[Exercise objective]:
Could you transcribe exactly the lines from the one containing "686とFox Racing" through the last line of the records below, leaving out the pictures?

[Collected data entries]
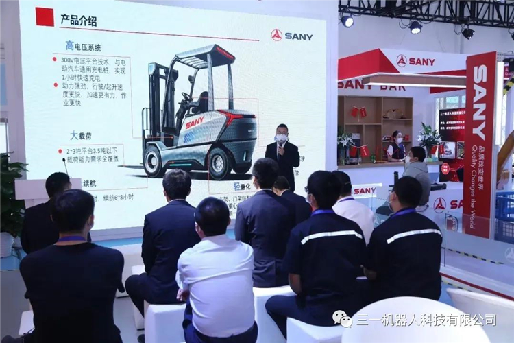 叉车式AGV、背负式AGV、新能源锂电叉车……在三一展位,这些清洁又聪明的机器人令人赞叹。
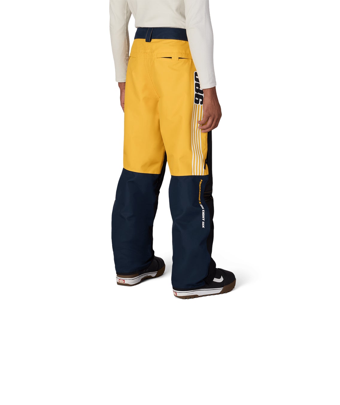 686とFox Racingのコラボレーションシリーズ。動きやすさとシルエットを両立し、セットアップでの完成度の高さが支持を集める一本
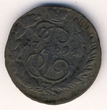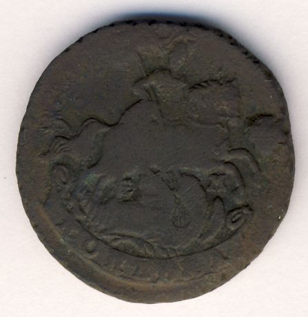 Лицевая сторона — Георгий Победоносец и обозначение номинала (копейка) в картуше, оборотная — вензель Екатерины II и дата. Нормативный вес — 10,24 грамма, гурт — сетка, или узор, или шнур.
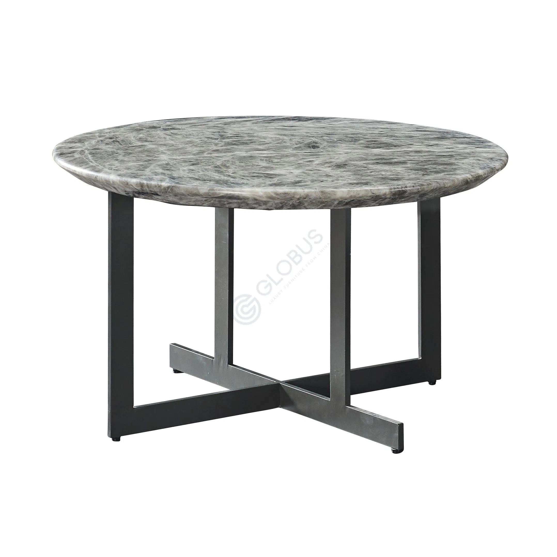 The base is constructed from sturdy carbon steel, combining a sleek design with excellent stability. Its minimalistic geometric framework complements the organic form of the marble top, resulting in a balanced and harmonious aesthetic. The contrast between the steel's matte finish and the marble's natural veining adds depth to its contemporary design.
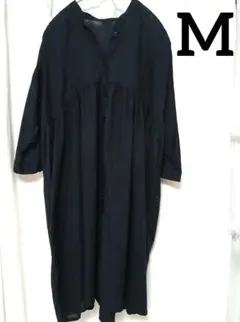 無印良品 Honeys 無地 ロング シャツワンピース ネイビー M
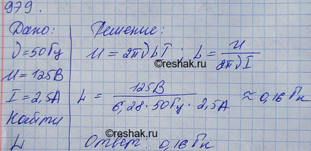 №979 ГДЗ Рымкевич 10-11 класс (Физика)
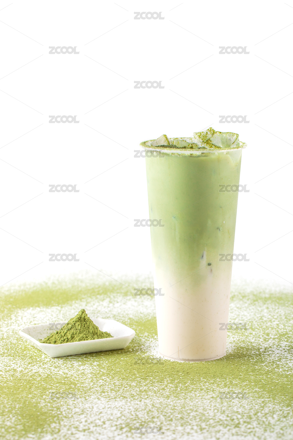 白色背景上的抹茶粉与抹茶饮品
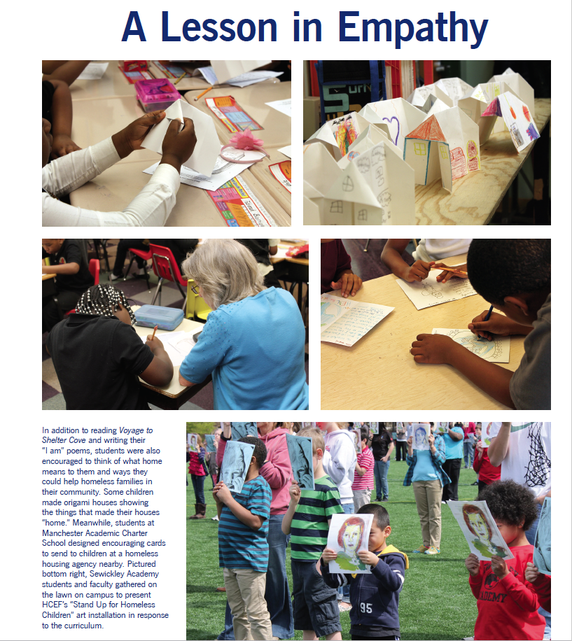 In addition to reading Voyage to Shelter Cove and writing their “I am” poems, students were also encouraged to think of what home means to them and ways they could help homeless families in their community. Some children made origami houses showing the things that made their houses “home.” Meanwhile, students at Manchester Academic Charter School designed encouraging cards to send to children at a homeless housing agency nearby. Pictured bottom right, Sewickley Academy students and faculty gathered on the lawn on campus to present HCEF’s “Stand Up for Homeless Children” art installation in response to the curriculum.

[Answer]:
 686とFox Racingのコラボレーションシリーズ。動きやすさとシルエットを両立し、セットアップでの完成度の高さが支持を集める一本
 Лицевая сторона — Георгий Победоносец и обозначение номинала (копейка) в картуше, оборотная — вензель Екатерины II и дата. Нормативный вес — 10,24 грамма, гурт — сетка, или узор, или шнур.
 The base is constructed from sturdy carbon steel, combining a sleek design with excellent stability. Its minimalistic geometric framework complements the organic form of the marble top, resulting in a balanced and harmonious aesthetic. The contrast between the steel's matte finish and the marble's natural veining adds depth to its contemporary design.
 無印良品 Honeys 無地 ロング シャツワンピース ネイビー M
 №979 ГДЗ Рымкевич 10-11 класс (Физика)
 白色背景上的抹茶粉与抹茶饮品
 In addition to reading Voyage to Shelter Cove and writing their “I am” poems, students were also encouraged to think of what home means to them and ways they could help homeless families in their community. Some children made origami houses showing the things that made their houses “home.” Meanwhile, students at Manchester Academic Charter School designed encouraging cards to send to children at a homeless housing agency nearby. Pictured bottom right, Sewickley Academy students and faculty gathered on the lawn on campus to present HCEF’s “Stand Up for Homeless Children” art installation in response to the curriculum.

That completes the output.